Aug 3, 2016 11:43:15 AM (8 years ago)

Author:

ggaren@apple.com

Message:

[bmalloc] Merging of XLargeRanges can leak the upper range
​https://bugs.webkit.org/show_bug.cgi?id=160403

Reviewed by Michael Saboff.

• bmalloc/Heap.cpp:

(bmalloc::Heap::scavengeLargeObjects): Don't use removePhysical().
Recorded physical size is a performance optimization. It is not the
truth. So it might be zero even if a range contains physical pages.

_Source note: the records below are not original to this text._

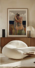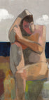 En moderne fortolkning af en siddende bader ved stranden: en kvindelig figur opbygget af geometriske flader og ekspressive penselstrøg. Værket af Tore Bahnson forener kubistiske former med følelsesmættet ro og en tidløs, solmættet atmosfære. Perfekt som blikfang i både moderne hjem, gallerier og kunstneriske miljøer.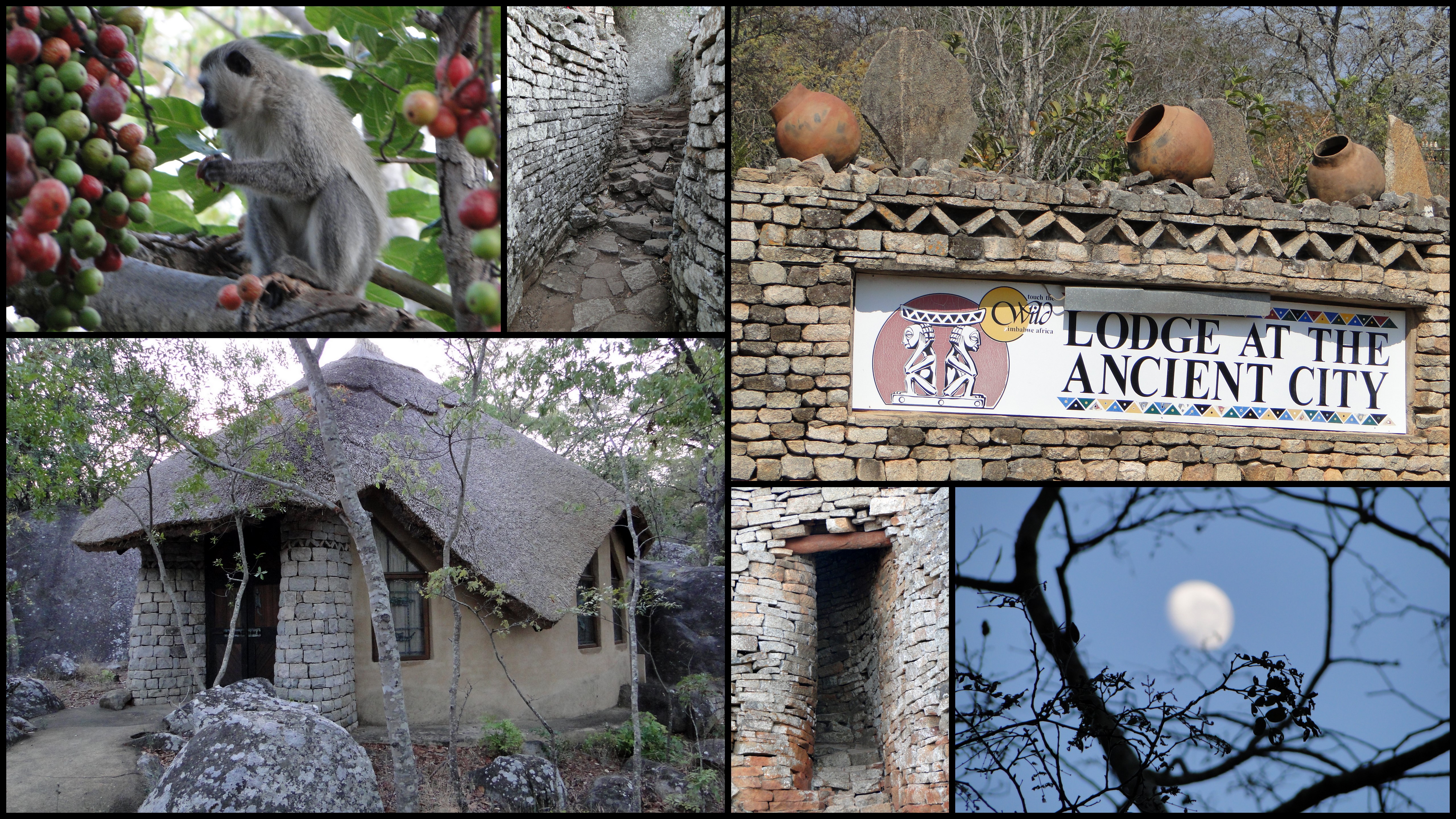 Zimbabwe Monkeys and drive to Bulawayo Oct 2011 Thursday, 29 December 2011 5120 × 2880 Zimbabwe’s Inns and Lodges in the National Parks (top & bottom center) stairway & doorway at Great Zimbabwe, (lower left) a room at Lodge at the Ancient City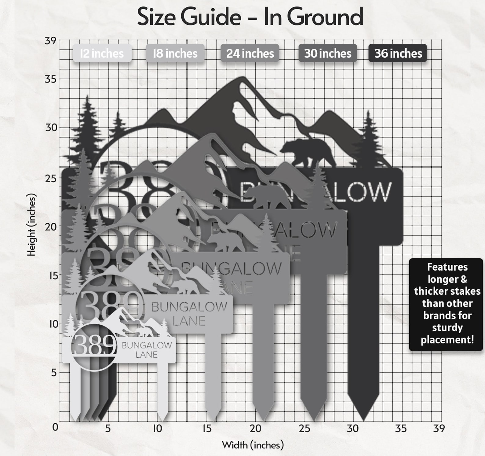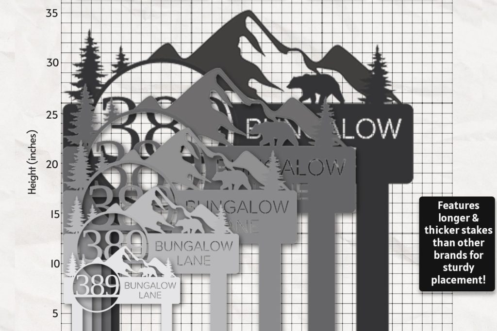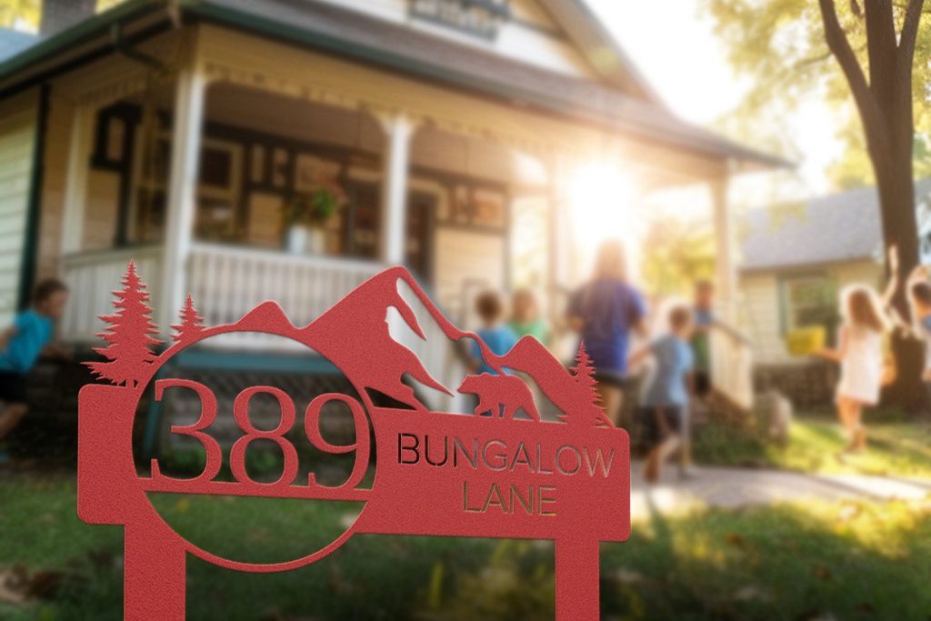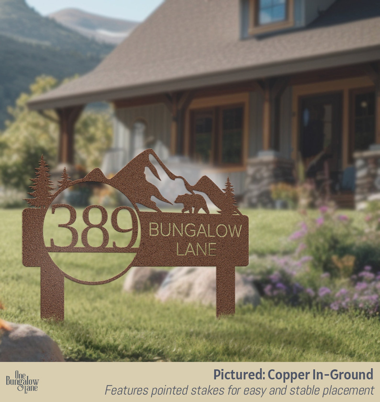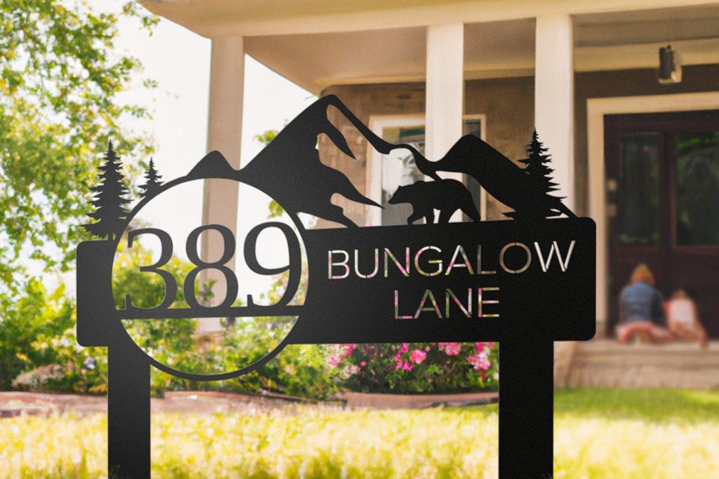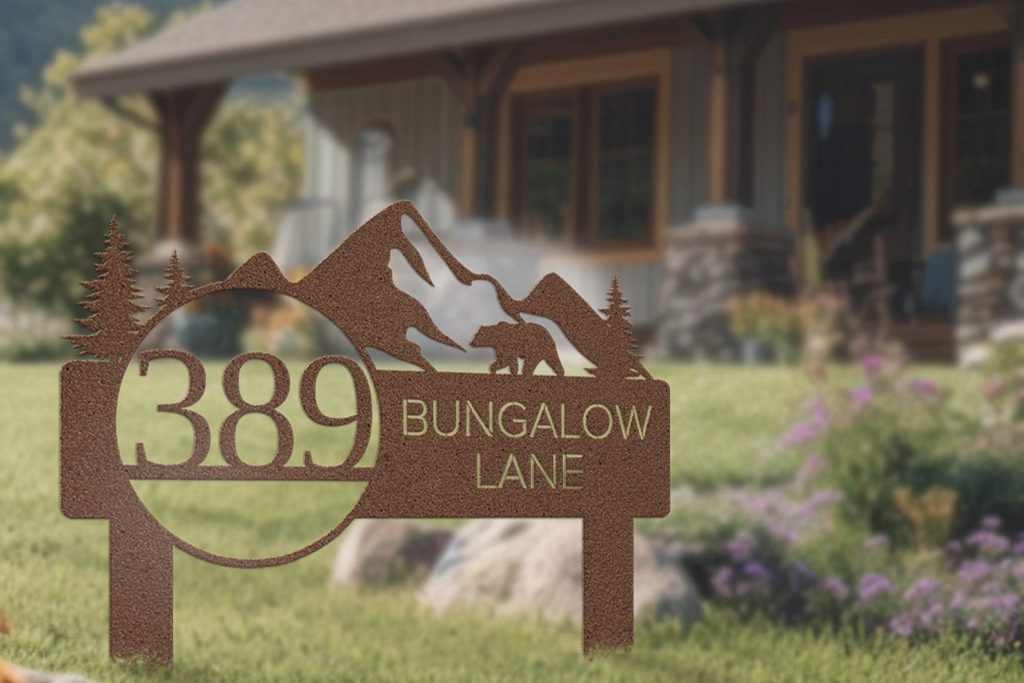 Elevate your outdoor space with our exquisite steel lawn address signs, seamlessly blending nature-inspired designs with functional elegance. At One Bungalow Lane, we take pride in our craftsmanship and personalized charm. Whether displaying your address, family name, or a combination of both, our signs infuse a unique touch into your abode.

Instead, iterate each range in the map unconditionally.

The map can shrink when we release the lock, so we must clamp our
iterator each time through the loop.

The map can grow when we release the lock, but we don't care because
growth restarts the scavenger from the beginning.

• bmalloc/XLargeMap.cpp:

(bmalloc::XLargeMap::removePhysical): Deleted. Not used anymore.

• bmalloc/XLargeMap.h:

(bmalloc::XLargeMap::ranges): Added direct access for the sake of
scavengeLargeObjects. (This violates our naming conventions -- I'll do
a rename in a follow-up patch.)

Location:

trunk/Source/bmalloc

Files:

• ChangeLog (modified) (1 diff)
• bmalloc/Heap.cpp (modified) (1 diff)
• bmalloc/XLargeMap.cpp (modified) (1 diff)
• bmalloc/XLargeMap.h (modified) (1 diff)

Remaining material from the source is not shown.